Вместо ответа отец протопоп осенил себя крестным знамением двумя перстами.
— Так ты наш, староверский. Так бы сразу и сказал.
А протопоп ему отвечает:
— С волками жить — по-волчьи выть. Скажись я старовером, лишат сана, сошлют на край света и епитимью строгую наложат. А то еще хуже: в узилище бросят, как великомученика протопопа Аввакума Петрова. Чай, слыхали про него?
— Как не слыхать — слыхали. И грамотки его читывали. Ко всем людям старой веры.
— То-то. А моя паства при мне двумя перстами крестится, а коли архиерей на службу забредет — тремя. Так и живем: из куля в рогожку.
— Коли так, то Господь с тобой. Побывай еще у нас, отец протопоп. Мы тебе и цену снизим. И верных людей присылай.
— Дорога к вам трудна, не всякий доберется. А то хорошо, что вы крепко заборонились.
— Да, голыми руками нас не возьмешь.
— Да ведь руки-то у антихристова воинства не голые, — это заметил Игнашка.
— Верно. Наш воевода новые пищали получил. И пороху десять бочек. У него в команде полторы сотни солдат. Сказано ему было: еще подошлют. Дабы посылал искоренять раскольничьи гнезда, выжигать их без всякой жалости, ибо они из-под православной сени вышли.
— Дивлюсь который раз: расстриги Никона нету в живых, а памятью его кормятся, — сказал Герасим. — Кому это выгодно народ православный стравливать? Ведь бегут от Москвы, бегут, спасаются. В глухомань таежную, в земли поволжские к бунташникам, в Сибирь. Бегут холопы, бегут и люди вольные. Скоро попрячется вся Расея по глухим углам.
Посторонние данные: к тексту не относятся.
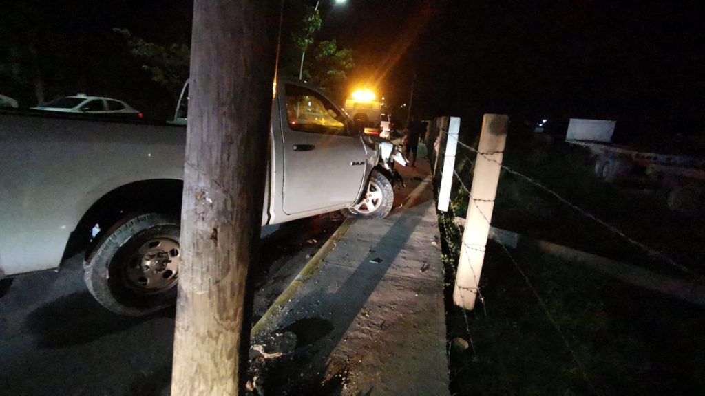 El poste terminó partido en dos en medio de la avenida, mientras que la camioneta sobre la banqueta.

Некому станет платить подать царю да его боярам.
— Не ведаю, кому выгодно, — отвечал протопоп, — а только твоя правда: скоро опустеют земли округ Москвы. И так, сказывают, холопья боярские из неволи разбегаются, а бояре челом государю бьют: возверни ты нам, царь-батюшка, людишек наших беглых. Опустели-де наши вотчины, некому спину гнуть.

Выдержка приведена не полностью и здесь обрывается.